WORK ORDER: Give back each line of the data exactly as it reads, minus the pictures.

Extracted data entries

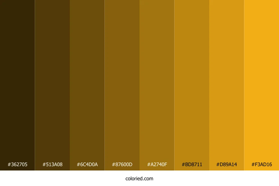 | #BD8711 | 189, 135, 17 | 41, 83%, 40% | 0%, 29%, 91%, 26% | oklch(0.660 0.133 79) | |
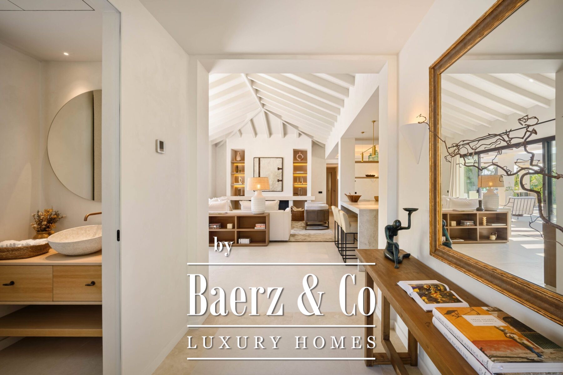 Villa Marbella with Sea and Mountain Views sits quietly in Nueva Andalucía, minutes from Los Naranjos Golf Course and close to Marbella’s celebrated beaches and dining. This fully renovated single-level villa, with 241 m² of living space and set on an 855 m² elevated plot, captures the essence of Mediterranean life. The main living area is defined by its open-plan design, vaulted ceilings, and a palette of soothing natural tones. Light moves freely throughout, courtesy of floor-to-ceiling glass doors that lead to a generous terrace, where an infinity-edge pool appears suspended above the valley. From both inside and the rooftop terrace, expansive views reach across the valley to meet the sea.
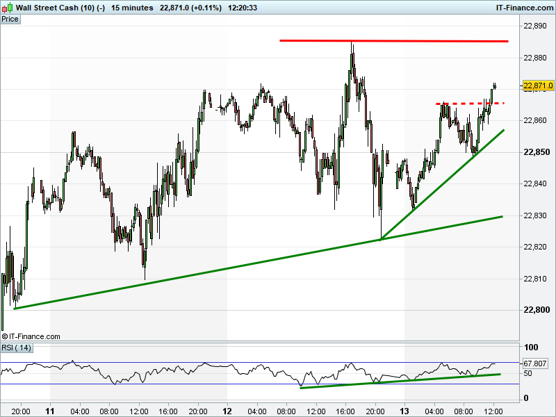 Dow Jones Futures has broken back above 22865, still edging towards 22900
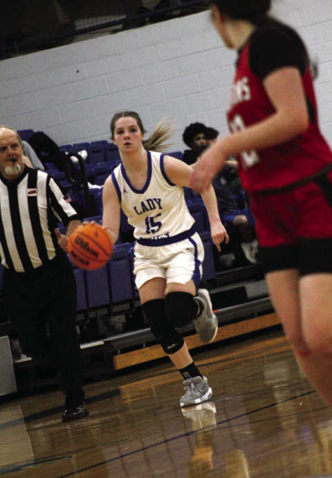 PM’S KAYLEIGH Ramsey dribbles down the court while a defender awaits her. (Ronnie Coffey photo)
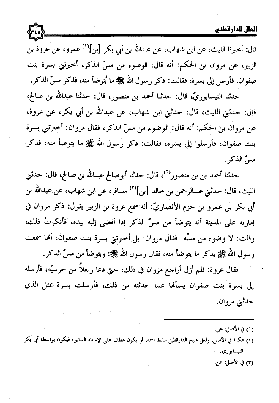 حدثنا أحمد بن منصور، قال: حدثنا أبو صالح عبد الله بن صالح، قال: حدثني الليث، قال: حَدَّثَنِي عَبْدُ الرَّحْمَنِ بْنُ خَالِدِ بْنِ مُسَافِرٍ، عَنِ ابن شهاب، عن عبد الله بن أبي بكر بن عمرو بن حزم الأنصاري، أنه سمع عروة بن الزبير، يقول: ذكر مروان في إمارته على المدينة أنه يتوضأ من مس الذكر إذا أفضى إليه بيده، فأنكرت ذلك، وقلت: لا وضوء من مسه، فقال مروان: بل أخبرتني بسرة بنت صفوان، أَنَّهَا سَمِعَتْ رَسُولَ اللَّهِ صَلَّى اللَّهُ عَلَيْهِ وسلم يذكر ما يتوضأ منه، فَقَالَ رَسُولُ اللَّهِ صَلَّى اللَّهُ عَلَيْهِ وَسَلَّمَ: ويتوضأ من مس الذكر، فقال عروة: فلم أزل أراجع مروان في ذلك حتى دعا رجلا من حرسيه فأرسله إلى بسرة بنت صفوان يسألها عما حدثته من ذلك، فأرسلت بسرة بمثل الذي حدثني مروان

RESPONSE:
 | #BD8711 | 189, 135, 17 | 41, 83%, 40% | 0%, 29%, 91%, 26% | oklch(0.660 0.133 79) | |
 Villa Marbella with Sea and Mountain Views sits quietly in Nueva Andalucía, minutes from Los Naranjos Golf Course and close to Marbella’s celebrated beaches and dining. This fully renovated single-level villa, with 241 m² of living space and set on an 855 m² elevated plot, captures the essence of Mediterranean life. The main living area is defined by its open-plan design, vaulted ceilings, and a palette of soothing natural tones. Light moves freely throughout, courtesy of floor-to-ceiling glass doors that lead to a generous terrace, where an infinity-edge pool appears suspended above the valley. From both inside and the rooftop terrace, expansive views reach across the valley to meet the sea.
 Dow Jones Futures has broken back above 22865, still edging towards 22900
 PM’S KAYLEIGH Ramsey dribbles down the court while a defender awaits her. (Ronnie Coffey photo)
 حدثنا أحمد بن منصور، قال: حدثنا أبو صالح عبد الله بن صالح، قال: حدثني الليث، قال: حَدَّثَنِي عَبْدُ الرَّحْمَنِ بْنُ خَالِدِ بْنِ مُسَافِرٍ، عَنِ ابن شهاب، عن عبد الله بن أبي بكر بن عمرو بن حزم الأنصاري، أنه سمع عروة بن الزبير، يقول: ذكر مروان في إمارته على المدينة أنه يتوضأ من مس الذكر إذا أفضى إليه بيده، فأنكرت ذلك، وقلت: لا وضوء من مسه، فقال مروان: بل أخبرتني بسرة بنت صفوان، أَنَّهَا سَمِعَتْ رَسُولَ اللَّهِ صَلَّى اللَّهُ عَلَيْهِ وسلم يذكر ما يتوضأ منه، فَقَالَ رَسُولُ اللَّهِ صَلَّى اللَّهُ عَلَيْهِ وَسَلَّمَ: ويتوضأ من مس الذكر، فقال عروة: فلم أزل أراجع مروان في ذلك حتى دعا رجلا من حرسيه فأرسله إلى بسرة بنت صفوان يسألها عما حدثته من ذلك، فأرسلت بسرة بمثل الذي حدثني مروان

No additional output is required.